District of Columbia Commissioner
- In office March 12, 1951 – April 6, 1953
- President: Harry S. Truman
- Preceded by: Guy Mason
- Succeeded by: Samuel Spencer

Personal details
- Born: January 15, 1900 Lynn, Massachusetts, U.S.
- Died: April 4, 1978 (aged 78) Washington, D.C., U.S.
- Resting place: Arlington National Cemetery
- Party: Democratic
- Spouse: Martha Vey Apperson Donohue
- Alma mater: Catholic University
- Profession: Lawyer, Politician

Military service
- Branch/service: United States Army United States Air Force United States Marine Corps
- Years of service: 1917; 1942-1945
- Rank: Lieutenant Colonel
- Unit: 95th Bombardment Group
- Commands: National Capitol Wing of the Civil Air Patrol
- Battles/wars: World War I; World War II;
- Awards: Bronze Star;

= F. Joseph Donohue =

American politician (1900–1978)

F. Joseph "Jiggs" Donohue (January 15, 1900 – April 4, 1978) was a Washington, DC politician who served as the 19th President of the Board of Commissioners of the District of Columbia, from 1952 to 1953. He was also a lawyer who tried cases before the Supreme Court, a friend of every president from Woodrow Wilson to Jimmy Carter and soldier who served in two wars. He got the nickname "Jiggs" from Chicago White Sox first baseman Jiggs Donahue. He is the only Catholic to serve as Chief Executive of the District of Columbia.

== Early life ==
Donohue was born in Lynn, MA in 1900 and graduated from the Classical High School there. His mother was Gertrude Powers Donohue and his father, James Joseph Donohue, was an Irish immigrant. His two siblings, James and Gertrude, died in 1915. He served in the Army as a private for six months during World War I and then moved to Washington, DC to go to college. He graduated from Catholic University, where he was a star of the track team and played football and basketball, in 1922 and from law school there three year later. The year after he graduated he was a volunteer track coach at Catholic. He was one of the original inductees in the Catholic University Athletic Hall of Fame. From 1922 to 1930 he was an instructor of economics and banking at both Catholic University and the American Institute of Banking and from 1936 to 1940 he taught law at Columbus University, now part of Catholic University and for a time at the Army War College. During this time he revised the textbook, "Standard Banking," for the American Bankers Association and He was a director of the First National Bank of Washington. He formed a law firm with Milton S. Kronheim, Jr. and the two went into the service together during World War II.
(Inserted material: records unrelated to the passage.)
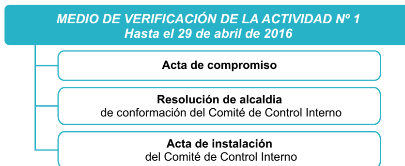
Figura N° 1: Medios de verificación de la Actividad N° 1

En caso la municipalidad no cuente con OCI, el oficio deberá ser remitido al Departamento de Control Interno de la Contraloría General de la República (CGR), ubicado en el Jr. Camilo Carrillo 114, Jesús María – Lima.
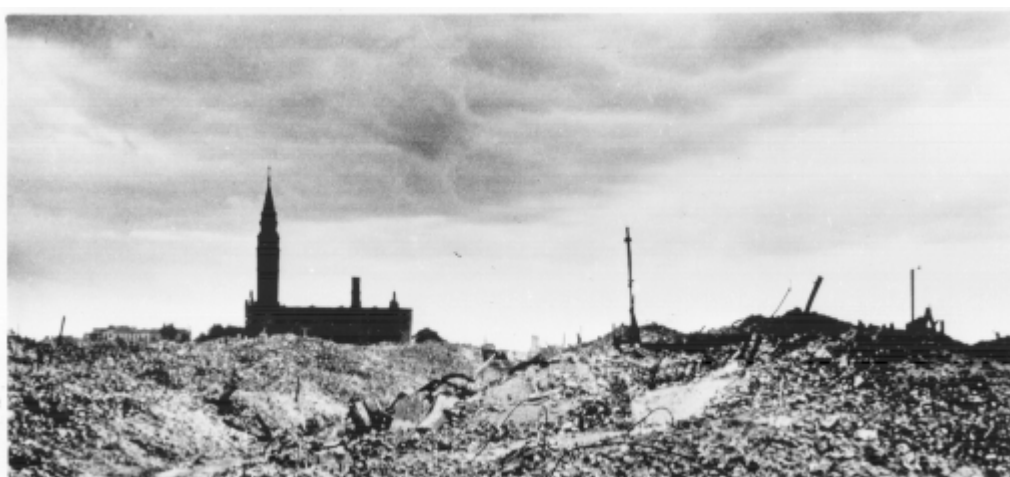
Ruiny getta i kościół św. Augustyna. 1945 r.
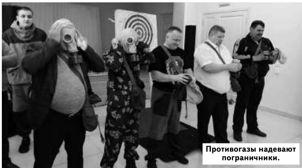
Противогазы надевают пограничники.

В честь Дня защитника Отечества мужчины выясняли, кто лучше помнит армейские навыки
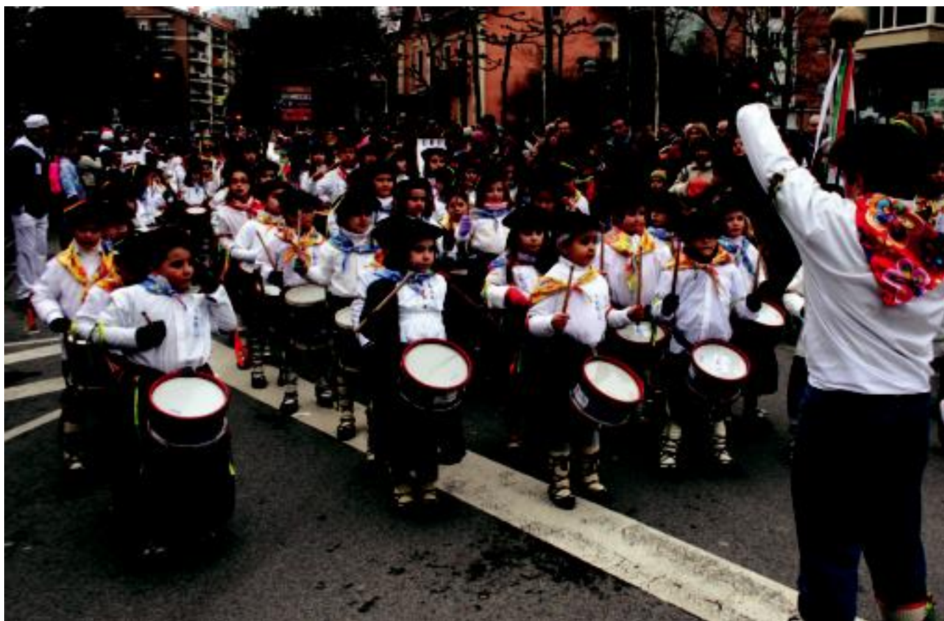
Ehunka ume elkartu ziren atzo danborrak astintzeko; Geltoki kaletik irten ziren eta San Frantzisko pasealekutik barrena Triangulora joan ziren. I. TERRADILLOS

HELDUAK lazko jendearen erantzuna ikusita aurten ere 19:00etan egin zuten helduek euren kalejira 4-5

Donohue entered the service in 1942 as a captain in the 95th Bombardment group and was an Army Air Force combat intelligence officer. He saw duty in England and France, earned a Bronze Star and left in 1945 as a lieutenant colonel. He remained in the Air Force Reserve. He also served in the Marine Corps. In 1949, he married Martha Vey Apperson, the sister-in-law of his commanding officer during World War II, Lt. Gen. Ira C. Eaker.
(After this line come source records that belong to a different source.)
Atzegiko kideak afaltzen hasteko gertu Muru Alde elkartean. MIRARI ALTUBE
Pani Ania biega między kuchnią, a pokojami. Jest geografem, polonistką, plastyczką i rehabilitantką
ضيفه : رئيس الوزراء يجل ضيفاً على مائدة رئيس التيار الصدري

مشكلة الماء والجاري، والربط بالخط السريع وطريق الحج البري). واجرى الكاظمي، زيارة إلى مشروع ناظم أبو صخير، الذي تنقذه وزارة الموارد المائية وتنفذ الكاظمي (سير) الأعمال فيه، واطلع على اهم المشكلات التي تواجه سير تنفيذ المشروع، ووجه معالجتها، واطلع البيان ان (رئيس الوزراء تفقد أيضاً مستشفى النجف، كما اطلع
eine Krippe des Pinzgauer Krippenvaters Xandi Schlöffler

After the war Kronheim became a judge and Donohue formed a different law firm.

== Public life ==
In the 1940s he was special assistant to the U.S. attorney general and moved to San Francisco where he successfully prosecuted labor leader Harry Bridges, whose deportation was sought by the government. (The conviction later was reversed). He returned to Washington and continued to work for the Attorney General and in private practice. In 1950, he became assistant director in charge of enforcement in the Office of Price Stabilization. He was a fervent anti-communist who defended Helen Gahagan Douglas, the Democratic opponent of Richard Nixon in the 1950 California Senate Election, when she was accused of being a communist.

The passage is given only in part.